Ken ignores him, continues reading. He looks drawn, almost despondent, the way he's been for days. It's the paper, he assures her, particularly his cousin, undermining his authority. On Monday, Stephen called a board meeting without bothering to tell him. She'd never seen Ken so angry or so humiliated. The emotional storms of these last few weeks are finally taking their toll. Strange, though, how those years of his affair still seem their happiest as a family. A kind of mania, really, living as they did in an almost constant state of gusto, exuberance, the house filled with friends, laughter, especially Ken's. Her third child, she often joked. And yet, with his life so tenuously balanced, how could he have been, or even seemed, so carefree, so guiltless? Because he had everything. He did, didn't he? As long as no one pierced the bubble, the illusion of happiness was more than enough.

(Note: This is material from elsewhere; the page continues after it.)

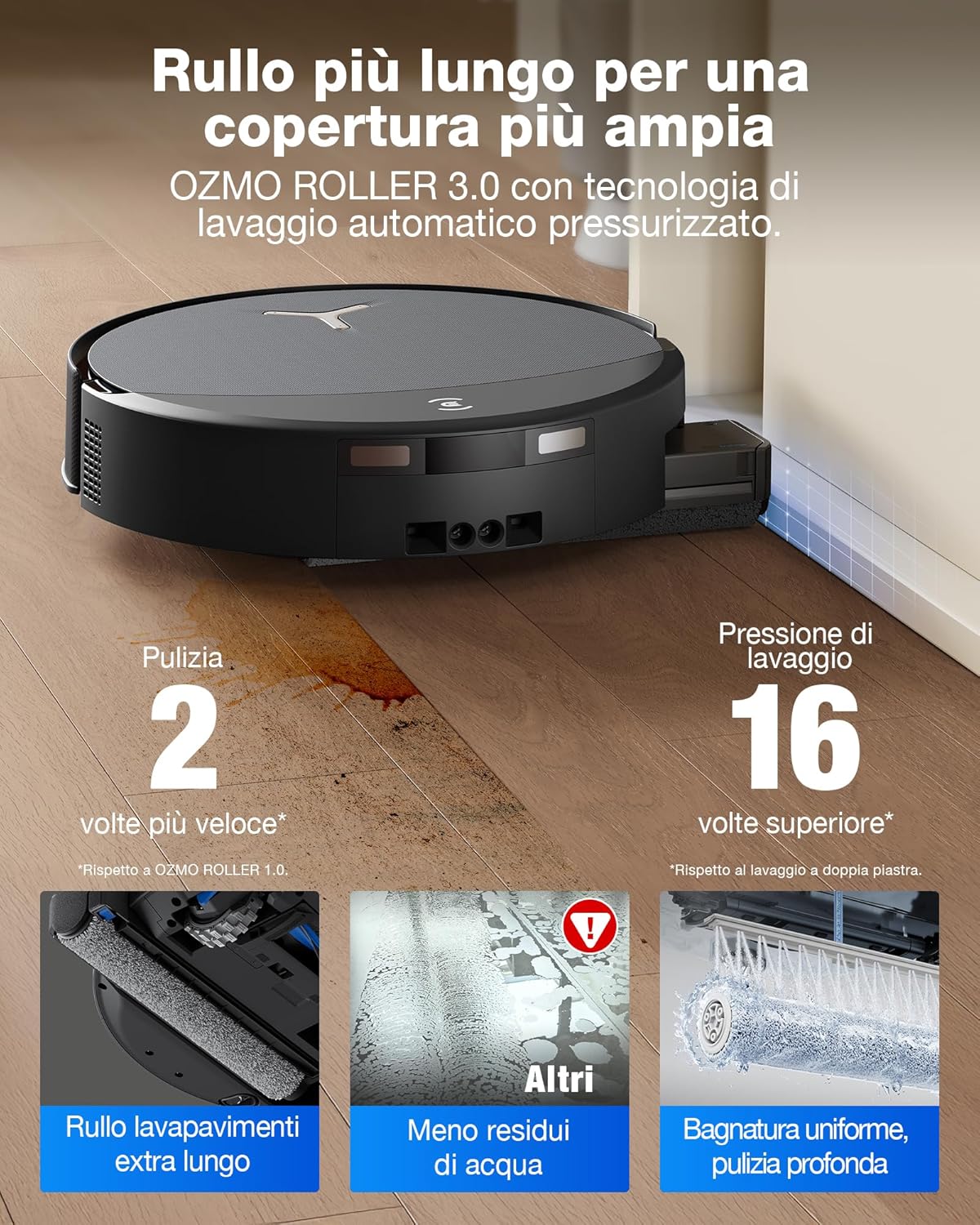 La più grande innovazione è però rappresentata dalla tecnologia OZMO ROLLER 3.0, la terza generazione del sistema di lavaggio proprietario dell’azienda che, rispetto al passato, utilizza un rullo più lungo del 50% (27 cm) che garantisce una copertura più ampia ed efficiente.

“Finish up, Drew. You don't want to be late,” she says, uneasy with his brooding.
“I'm not the driver. Tell her,” he says, nodding toward the other room.
“Her?” Ken snaps. “You mean Chloe?”
Drew's snarl is lost as Chloe rushes in to the table, sobbing. Joe Turcotte is dead, she cries. Killed in Iraq, and he's only nineteen. Max just told her. That's terrible, Nora says, unable to place the name. Chloe is devastated. She's not sure, she says when her father asks where he's from. Leesboro, she thinks, but he and Max were friends from camp. They bunked in the same cabin every summer until they were fourteen.
“And now he's dead. Just like that. I can't believe it,” she gasps.
“You didn't even know him,” Drew mumbles into his coffee.
“That's not the point. That's so not the point,” Chloe says.